Fig 1. Indoor factors.

The relationship between indoor factors of (a) age of building, (b) type of room, and (c) type of flooring, influencing % fungal growth coverage range (1–5) and fungal diversity (# of genera) on gypsum board samples across 51 sampled rooms on campus. Control samples had no fungal growth. Capital letters between boxplots indicate significant differences in % growth coverage and fungal diversity between the factors using GzLM and Dunn-Bonferroni post hoc tests (p<0.05).

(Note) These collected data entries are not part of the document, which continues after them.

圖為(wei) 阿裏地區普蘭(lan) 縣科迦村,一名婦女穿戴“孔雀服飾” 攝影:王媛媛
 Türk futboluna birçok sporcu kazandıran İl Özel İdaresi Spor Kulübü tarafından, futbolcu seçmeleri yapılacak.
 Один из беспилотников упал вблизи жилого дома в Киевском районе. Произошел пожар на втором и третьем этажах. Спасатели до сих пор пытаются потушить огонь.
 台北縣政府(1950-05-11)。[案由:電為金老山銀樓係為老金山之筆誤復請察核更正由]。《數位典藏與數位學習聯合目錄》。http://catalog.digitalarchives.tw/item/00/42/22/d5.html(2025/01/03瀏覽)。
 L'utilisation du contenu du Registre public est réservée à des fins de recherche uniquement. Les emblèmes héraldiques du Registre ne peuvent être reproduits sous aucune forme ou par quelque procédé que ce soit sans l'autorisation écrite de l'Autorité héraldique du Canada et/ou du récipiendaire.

Fig 2. Correlating factors.

Visualization of a high correlation between (A) % growth coverage and diversity (# of genera) for the average of all 51 rooms sampled with p<0.01 and R² = 0.932. Each data point represents multiple rooms as displayed with numbers by each point. A high correlation between (B) relative weight loss (%) and ultimate tensile stress (MPa) was observed for the average of all 21 gypsum board samples tested with p<0.01 and R² = 0.984.

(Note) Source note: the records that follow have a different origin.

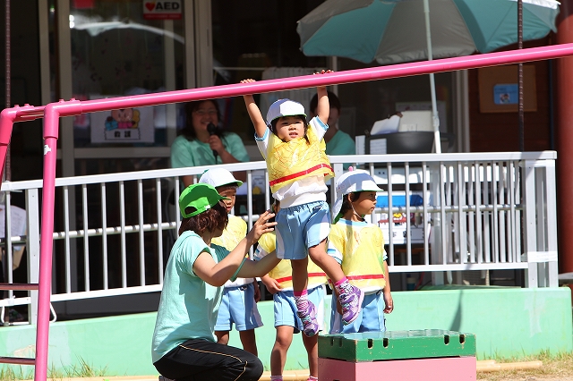 を大きな声で伝え、園庭に設置した3M位の竹竿を登る競技です。
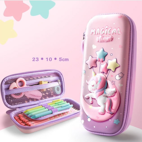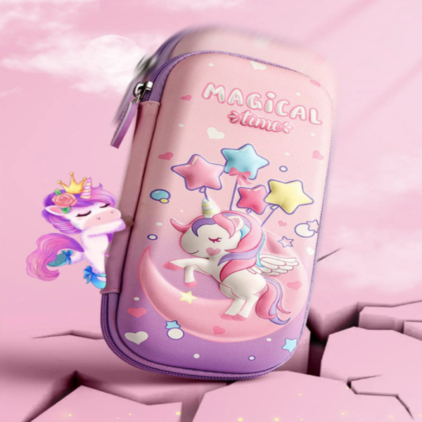 Tedd varázslatossá az iskolai mindennapokat ezzel az aranyos pegazus tolltartóval! 💖 Ez a rajzfilmes stílusú, rózsaszín írószer doboz lányoknak nemcsak praktikus, hanem igazi mesebeli kiegészítő is. A bájos pegazus minta, a hold és csillag motívumok, valamint a finom, álomszerű részletek garantáltan elvarázsolják a kislányokat. 🌙⭐
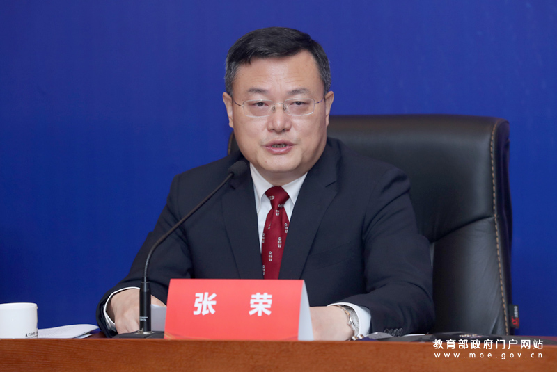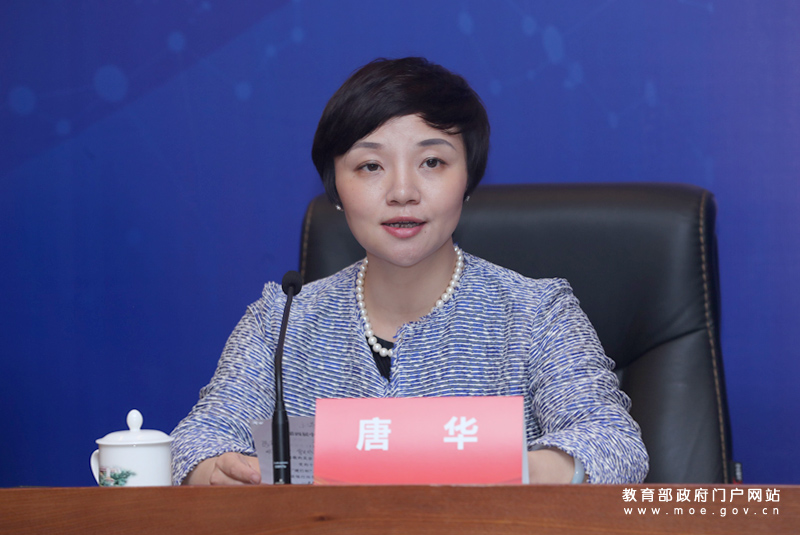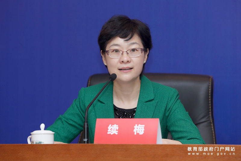教育部新聞發(fā)言人續(xù)梅主持發(fā)布會(huì)。(中國(guó)教育報(bào)記者 張勁松/攝)
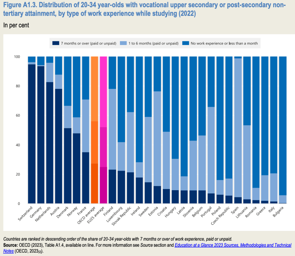 “OECD analyst Viktoria Kis told University World News their data clearly shows that ‘young people who benefited from work-based learning while pursuing VET have better employment outcomes’ and that ‘apprenticeships or internships are a powerful way of connecting VET to labor market needs.’ She said: ‘Some countries have a strong tradition of extensive use of apprenticeships, like Germany and Switzerland. The Norwegian VET system is mostly composed of ‘2+2’ apprenticeships: two years spent at school, followed by two years in workplaces.’”
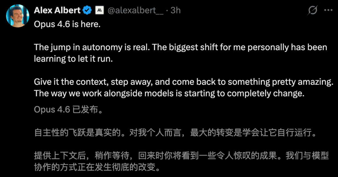 最后,用Anthropic负责人Alex Albert一句话总结Claude Opus 4.6的这场发布——
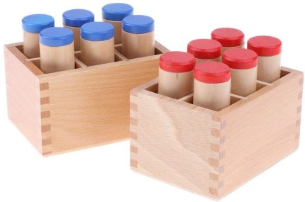 مجموعتان من ست أسطوانات خشبية محكمة الغلق تُصدر صوتًا مميزًا عند هزها. تتدرج الأسطوانات من الهادئ إلى العالي، ولكل أسطوانة غطاء أحمر أو أزرق، داخل صندوق خشبي بغطاء أحمر أو أزرق مطابق. تساعد أسطوانات الصوت على تحسين حاسة السمع لدى الطفل، وتحسين التركيز والتنسيق والاستقلالية ومهارات حل المشكلات. العمر 6:3
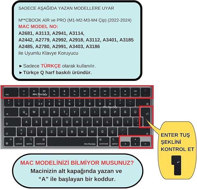 UK TERS L ENTER UYUMLU – DOGRU KLAVYE DUZENI ICIN Sadece UK/EU Ters L Enter düzenine sahip MacBook modelleri için özel üretilmiştir. US Return-Enter modellerle karışmaz.
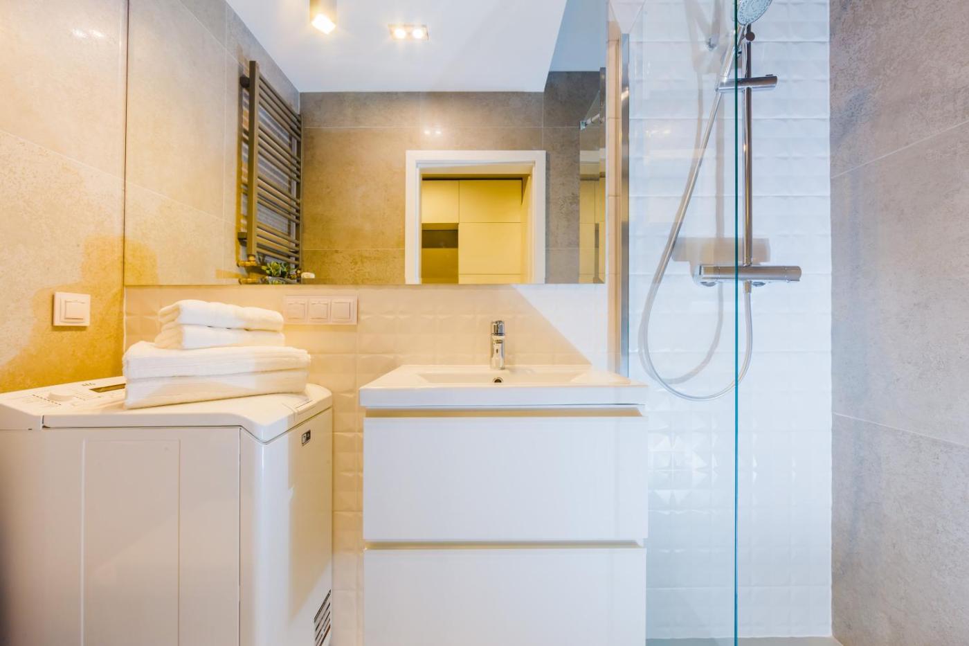 Apartament. The fully equipped kitchen features a stovetop, a refrigerator, a dishwasher and kitchenware. The air-conditioned apartment provides a flat-screen TV with cable channels, a washing machine, a seating area, a dining area as well as city views. The unit offers 2 beds. Apartament - 5 osobowy. Powierzchnia pokoju ok.: 35 mkw.
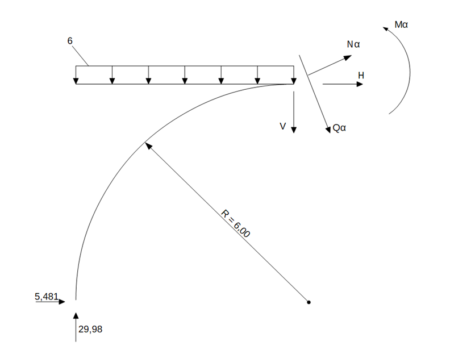 Łuk przegubowy swobodnie podparty – przekrój 1-1

Fig 3. Principal component analysis (PCA) plot.

PCA with the random variables of temperature, humidity, dustiness, and occupancy level and the controlled variables of (A) age of building and (B) type of room for the 51 rooms sampled. Axes are the principal component, PC1, and PC2, with loading values.

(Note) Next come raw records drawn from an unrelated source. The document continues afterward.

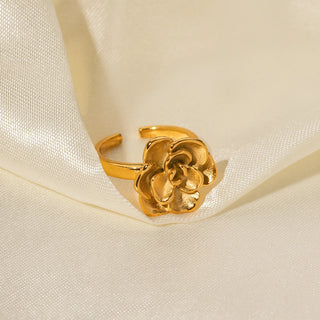 ステンレス304 低ニッケル 水に濡れても錆びにくい 18Kゴールドメッキ リング フラワー 花 【YJ03829】
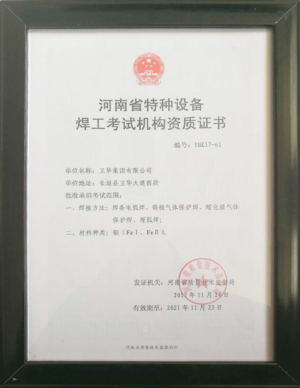 卫华集团获批河南省特种设备焊工考试机构资质
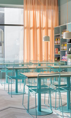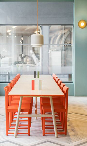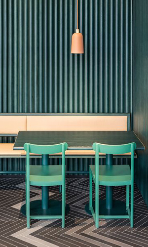 In un nuovo quartiere nel sud di Stoccolma, la Note design studio dà vita a un originale e caratteristico locale. La particolarità e la sfida affrontata dai progettisti è stata quella di riuscire a combinare nello stesso spazio caffetteria, ristorante e bistrot. La multifunzionalità di questo nuovo ritrovo doveva, perciò, garantire un apertura continuativa dalle 7 di mattina per la colazione fino alle 19 di sera per una bevuta con gli amici.
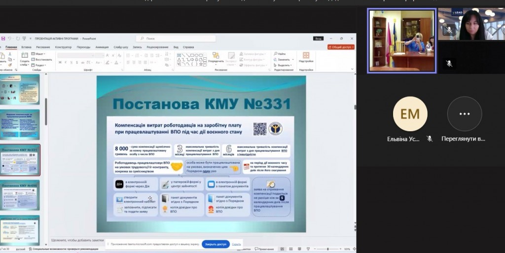 📅 Сьогодні Регіональним офісом Програми «U-LEAD з Європою» в Запорізькій області та Запорізькою районною філією Запорізького обласного центру зайнятості було проведено інформаційну сесію для спеціалістів органів місцевого самоврядування на тему: «Діючі Державні програми зайнятості: компенсації для роботодавців, гранти для розвитку та створення власного бізнесу ветеранів та ВПО, ваучери на навчання», учасником якої став фахівець нашої Кам’янсько-Дніпровської міської ради.
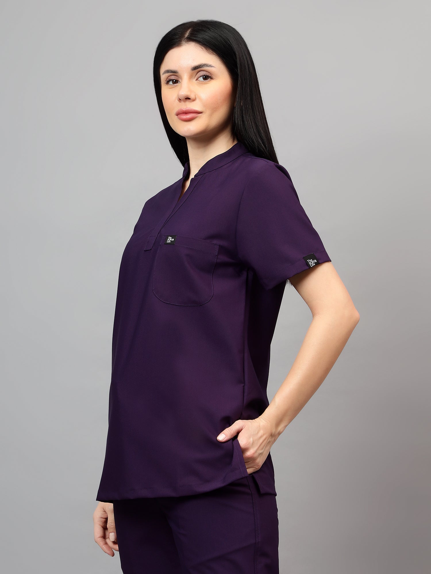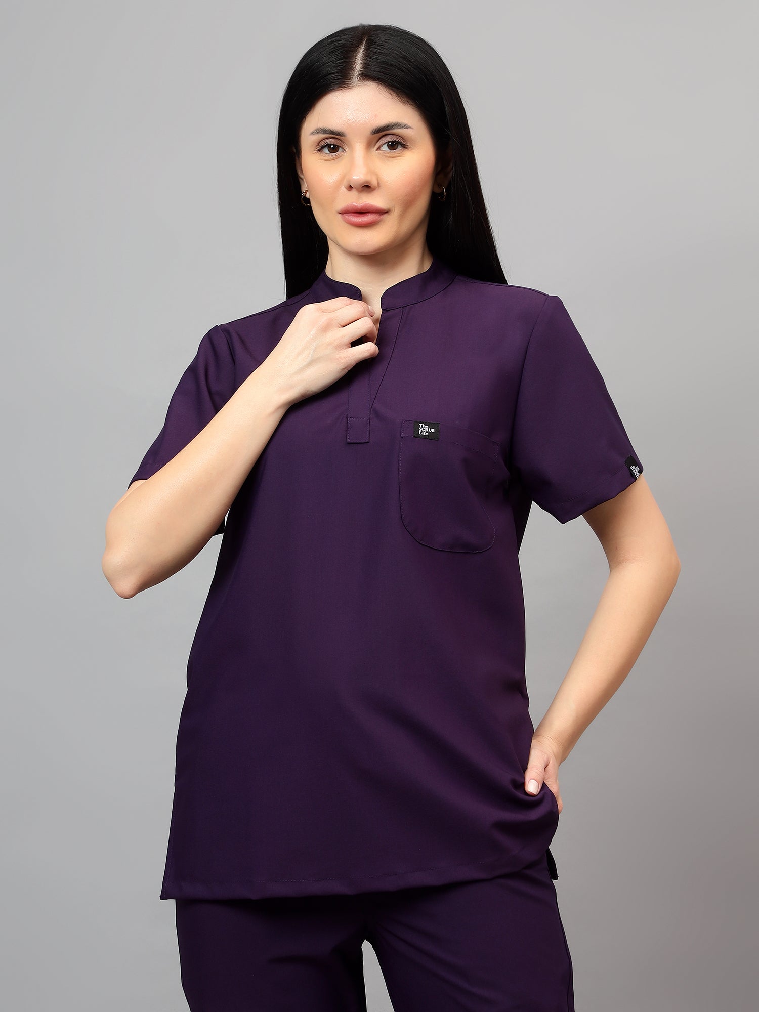 Stretchable (4Way) Female Violet Mandarin Neck Scrub Top

Fig 4. The fungal taxa present in rooms of the sampled buildings.

No significant differences in fungal diversity were observed for the type of room and type of flooring. Significant differences in frequency of rooms were observed for each genus for the age of building, using chi-square test (p<0.05).

Fig 5. Biodeterioration assessment.

(A) The relative weight loss (n = 35) over a one-week time period, and (B) ultimate tensile stress (n = 31) of gypsum board samples with varying ranges of % growth coverage of fungi (1–5). Dry control samples were not exposed to water or dust, while wet control samples were only exposed to water. Error bars indicate standard deviation. Columns with different capital letters for (A) indicate significant differences in relative weight loss using ANOVA and Tamhane's post hoc tests (F_6,35 = 9810.2, p<0.05), and for (B) significant differences in tensile stress using ANOVA and Tamhane's post hoc tests (F_6,31 = 396.3, p<0.05).

Fig 6. SEM micrographs of gypsum board samples.

SEM of (A) the control pieces which were UV sterilized and not exposed to dust and high humidity conditions, and (B) the gypsum board pieces post tensile testing upon 4 weeks of exposure to dust and high humidity conditions.